Extending the semi-automated methods described above to 3D is immediate in most cases. A notable exception is live wire, which requires finding a minimal surface joining user-specified contours. Such an extension has a direct, very useful application to semi-automated segmentation: a user can manually delineate one slice every n in a 3D volume (possibly with 2D semi-automated techniques) and then use this method to produce a smart “interpolation” of the segmentation for the unlabeled slices. This strategy effectively exploits the similarity between adjacent slices and can save large amounts of manual labeling effort.

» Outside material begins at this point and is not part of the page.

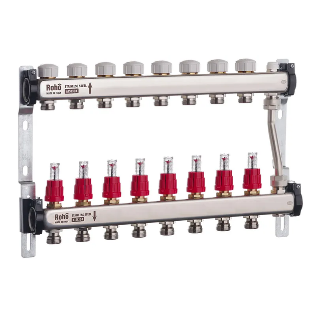 Колектор з витратомірами та термостатичними клапанами з байпасом Roho R814-08 - 1"х 8 виходів (RO0051)
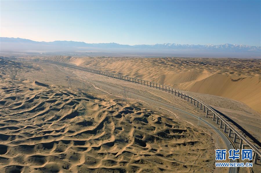 這是敦格鐵路沙山溝特大橋(12月11日無人機(jī)拍攝)。 敦(煌)格(爾木)鐵路沙山溝特大橋位于甘肅省酒泉市阿克塞哈薩克族自治縣境內(nèi)的庫姆塔格沙漠內(nèi),是一座穿越活動(dòng)性沙漠地區(qū)的特長橋梁,也是敦格鐵路的重難點(diǎn)控制工程。據(jù)介紹,橋梁所在區(qū)域風(fēng)沙活動(dòng)頻繁,四季及晝夜溫差大,在建設(shè)過程中,中鐵十一局集團(tuán)有限公司的建設(shè)者根據(jù)沙層的厚度、分布及含水率的不同,總結(jié)出一套沙丘樁基施工工藝。 新華社記者 范培珅 攝

After some attempts in the literature to reconstruct 2D surfaces from sets of 1D curves (e.g., [14]), Grady proposed an algorithm [15] to compute a globally minimal surface given its boundary. The solution is efficiently found by solving a minimum-cost flow problem [16]. Compared with other globally optimal surface algorithms, such as LOGISMOS [17] and its variants (all based on [18]), Grady’s method has the advantages of being able to handle topological changes in the optimal surface; being agnostic to the type and modality of the input images; and not requiring a preliminary volumetric segmentation.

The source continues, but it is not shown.